= Beginning of Section =

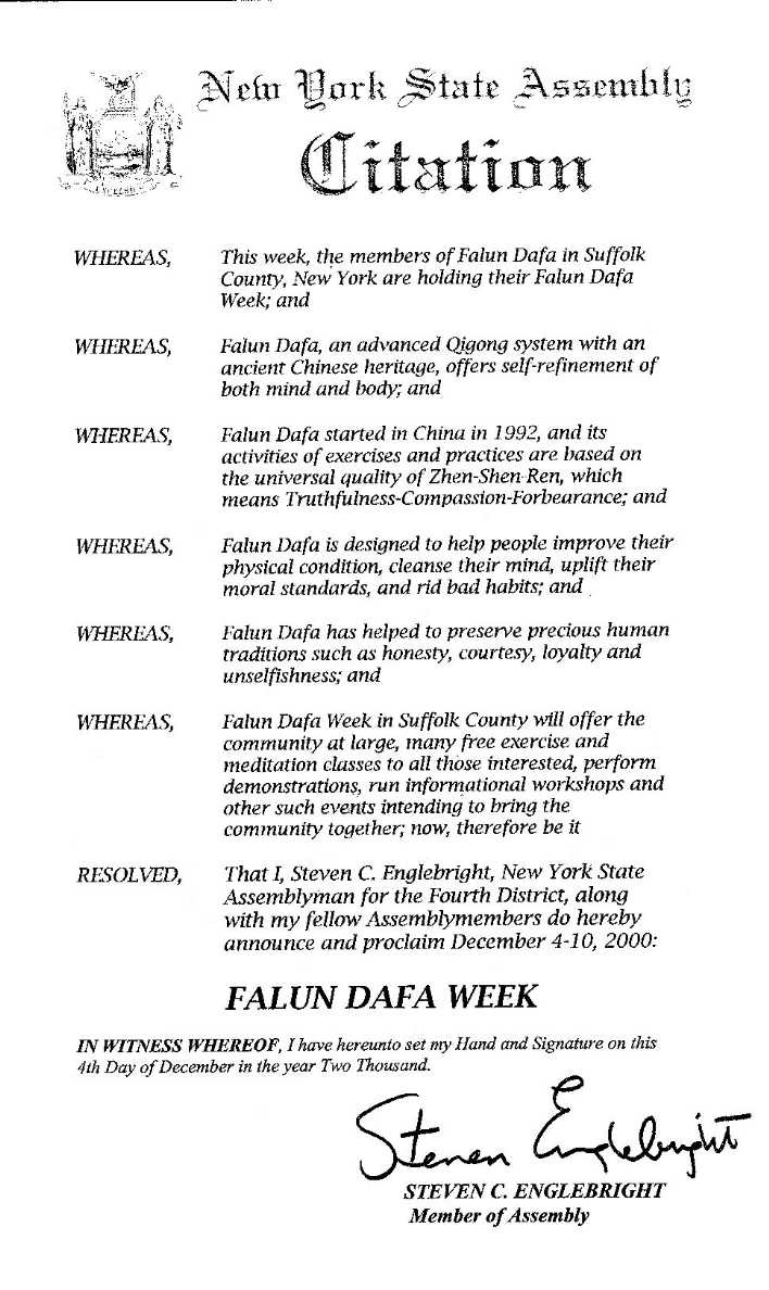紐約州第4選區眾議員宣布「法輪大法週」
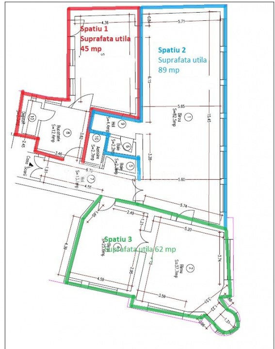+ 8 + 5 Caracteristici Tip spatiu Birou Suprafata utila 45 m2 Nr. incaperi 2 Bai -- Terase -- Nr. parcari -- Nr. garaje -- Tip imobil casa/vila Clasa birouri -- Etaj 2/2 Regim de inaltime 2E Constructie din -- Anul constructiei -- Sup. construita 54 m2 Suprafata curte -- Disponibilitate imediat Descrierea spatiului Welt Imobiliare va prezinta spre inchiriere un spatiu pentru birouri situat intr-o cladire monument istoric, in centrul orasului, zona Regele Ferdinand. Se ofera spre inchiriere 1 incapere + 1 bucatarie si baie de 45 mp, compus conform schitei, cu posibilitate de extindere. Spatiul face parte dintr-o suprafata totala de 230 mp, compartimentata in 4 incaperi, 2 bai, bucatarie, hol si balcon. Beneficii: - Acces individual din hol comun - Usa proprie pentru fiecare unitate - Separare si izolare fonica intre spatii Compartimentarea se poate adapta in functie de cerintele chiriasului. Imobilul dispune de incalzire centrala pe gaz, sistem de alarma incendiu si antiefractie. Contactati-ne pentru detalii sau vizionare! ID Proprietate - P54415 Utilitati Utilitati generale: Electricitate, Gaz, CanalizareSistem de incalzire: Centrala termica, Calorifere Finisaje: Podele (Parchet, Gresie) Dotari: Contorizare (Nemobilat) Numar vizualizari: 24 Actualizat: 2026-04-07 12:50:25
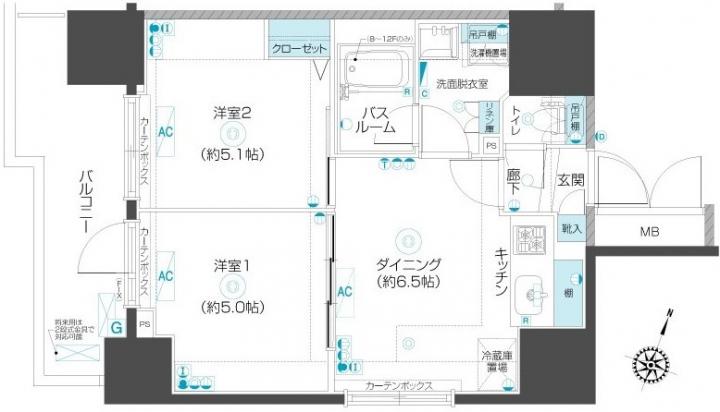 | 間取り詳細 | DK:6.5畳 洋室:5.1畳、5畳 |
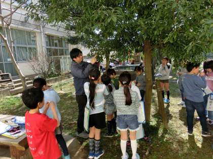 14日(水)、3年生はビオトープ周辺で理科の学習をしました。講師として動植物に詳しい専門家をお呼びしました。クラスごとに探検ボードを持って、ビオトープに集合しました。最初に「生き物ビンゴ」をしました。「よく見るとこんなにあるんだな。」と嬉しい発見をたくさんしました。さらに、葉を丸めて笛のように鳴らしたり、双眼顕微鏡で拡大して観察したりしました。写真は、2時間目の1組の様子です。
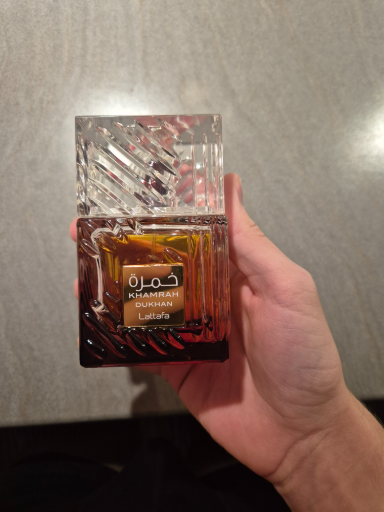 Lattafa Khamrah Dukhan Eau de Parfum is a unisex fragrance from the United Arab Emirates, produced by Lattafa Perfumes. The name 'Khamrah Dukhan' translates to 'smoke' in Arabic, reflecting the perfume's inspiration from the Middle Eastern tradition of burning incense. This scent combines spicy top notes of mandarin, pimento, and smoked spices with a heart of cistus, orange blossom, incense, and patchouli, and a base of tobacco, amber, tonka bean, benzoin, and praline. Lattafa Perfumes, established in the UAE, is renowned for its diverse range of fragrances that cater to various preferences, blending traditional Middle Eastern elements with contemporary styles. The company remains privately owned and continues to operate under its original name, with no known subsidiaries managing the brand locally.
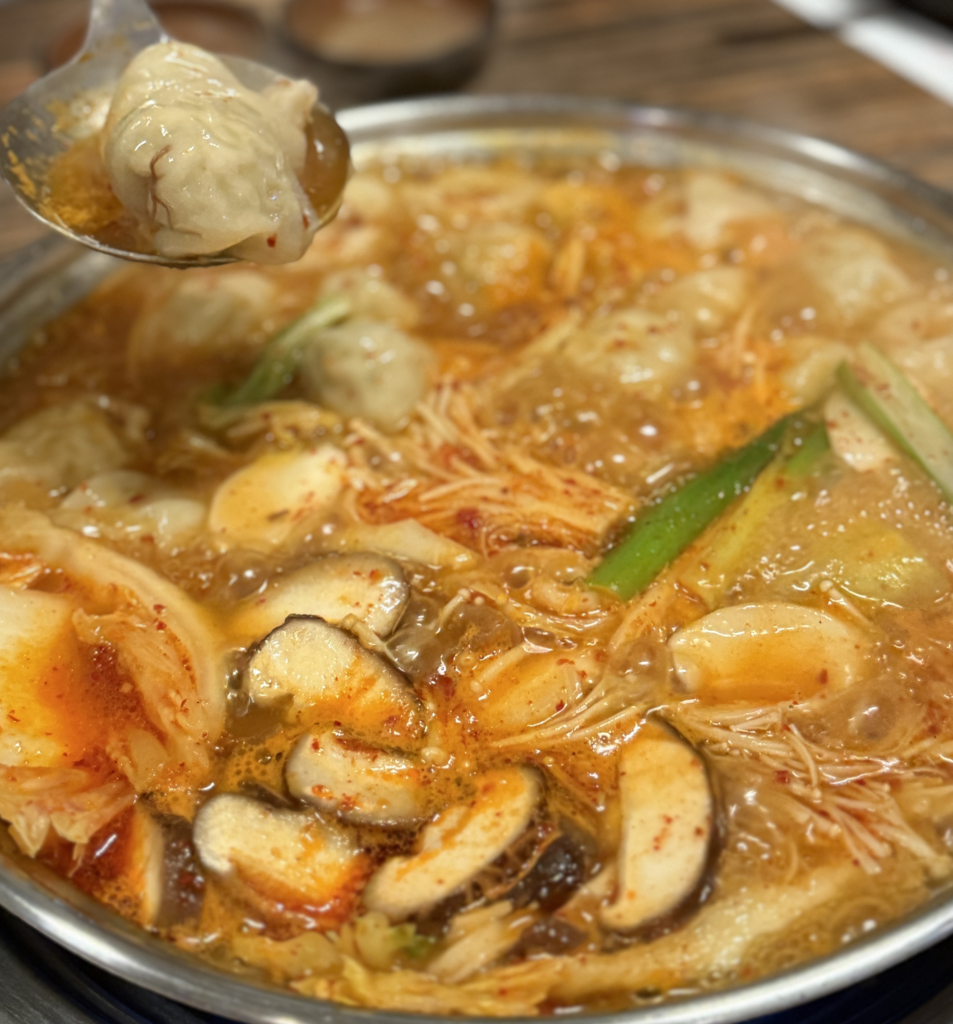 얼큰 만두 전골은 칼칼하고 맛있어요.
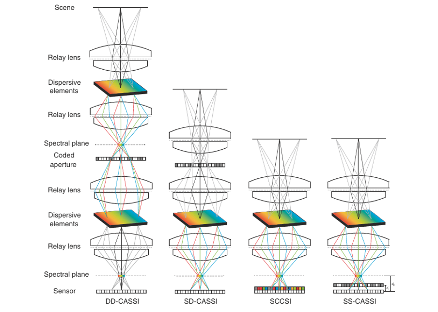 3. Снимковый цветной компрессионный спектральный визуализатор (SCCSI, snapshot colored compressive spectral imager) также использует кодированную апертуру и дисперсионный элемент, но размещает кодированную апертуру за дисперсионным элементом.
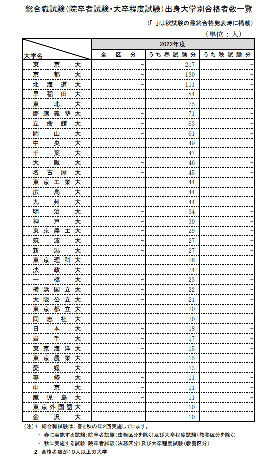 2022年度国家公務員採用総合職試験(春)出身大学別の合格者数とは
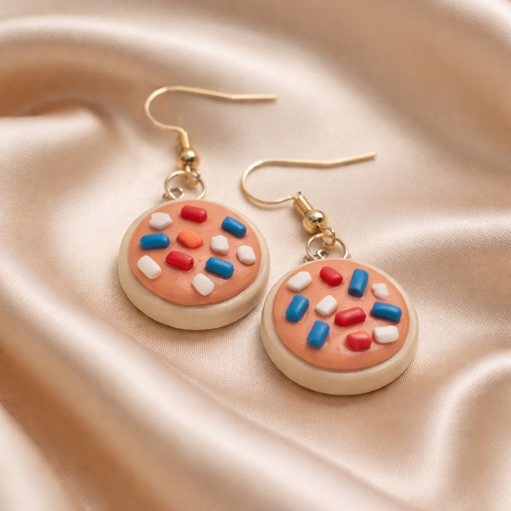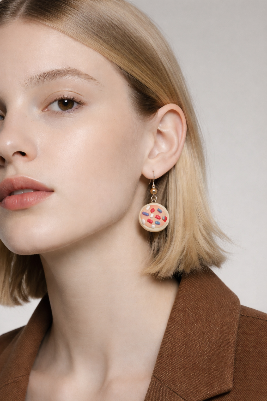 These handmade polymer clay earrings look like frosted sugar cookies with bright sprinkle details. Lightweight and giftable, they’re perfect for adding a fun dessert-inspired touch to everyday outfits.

= End of Section =

» **Task prompt**:
Please copy every record above exactly, but leave the pictures out.

» **Response to the exercise**:
紐約州第4選區眾議員宣布「法輪大法週」
+ 8 + 5 Caracteristici Tip spatiu Birou Suprafata utila 45 m2 Nr. incaperi 2 Bai -- Terase -- Nr. parcari -- Nr. garaje -- Tip imobil casa/vila Clasa birouri -- Etaj 2/2 Regim de inaltime 2E Constructie din -- Anul constructiei -- Sup. construita 54 m2 Suprafata curte -- Disponibilitate imediat Descrierea spatiului Welt Imobiliare va prezinta spre inchiriere un spatiu pentru birouri situat intr-o cladire monument istoric, in centrul orasului, zona Regele Ferdinand. Se ofera spre inchiriere 1 incapere + 1 bucatarie si baie de 45 mp, compus conform schitei, cu posibilitate de extindere. Spatiul face parte dintr-o suprafata totala de 230 mp, compartimentata in 4 incaperi, 2 bai, bucatarie, hol si balcon. Beneficii: - Acces individual din hol comun - Usa proprie pentru fiecare unitate - Separare si izolare fonica intre spatii Compartimentarea se poate adapta in functie de cerintele chiriasului. Imobilul dispune de incalzire centrala pe gaz, sistem de alarma incendiu si antiefractie. Contactati-ne pentru detalii sau vizionare! ID Proprietate - P54415 Utilitati Utilitati generale: Electricitate, Gaz, CanalizareSistem de incalzire: Centrala termica, Calorifere Finisaje: Podele (Parchet, Gresie) Dotari: Contorizare (Nemobilat) Numar vizualizari: 24 Actualizat: 2026-04-07 12:50:25
 | 間取り詳細 | DK:6.5畳 洋室:5.1畳、5畳 |
 14日(水)、3年生はビオトープ周辺で理科の学習をしました。講師として動植物に詳しい専門家をお呼びしました。クラスごとに探検ボードを持って、ビオトープに集合しました。最初に「生き物ビンゴ」をしました。「よく見るとこんなにあるんだな。」と嬉しい発見をたくさんしました。さらに、葉を丸めて笛のように鳴らしたり、双眼顕微鏡で拡大して観察したりしました。写真は、2時間目の1組の様子です。
 Lattafa Khamrah Dukhan Eau de Parfum is a unisex fragrance from the United Arab Emirates, produced by Lattafa Perfumes. The name 'Khamrah Dukhan' translates to 'smoke' in Arabic, reflecting the perfume's inspiration from the Middle Eastern tradition of burning incense. This scent combines spicy top notes of mandarin, pimento, and smoked spices with a heart of cistus, orange blossom, incense, and patchouli, and a base of tobacco, amber, tonka bean, benzoin, and praline. Lattafa Perfumes, established in the UAE, is renowned for its diverse range of fragrances that cater to various preferences, blending traditional Middle Eastern elements with contemporary styles. The company remains privately owned and continues to operate under its original name, with no known subsidiaries managing the brand locally.
 얼큰 만두 전골은 칼칼하고 맛있어요.
 3. Снимковый цветной компрессионный спектральный визуализатор (SCCSI, snapshot colored compressive spectral imager) также использует кодированную апертуру и дисперсионный элемент, но размещает кодированную апертуру за дисперсионным элементом.
 2022年度国家公務員採用総合職試験(春)出身大学別の合格者数とは
 These handmade polymer clay earrings look like frosted sugar cookies with bright sprinkle details. Lightweight and giftable, they’re perfect for adding a fun dessert-inspired touch to everyday outfits.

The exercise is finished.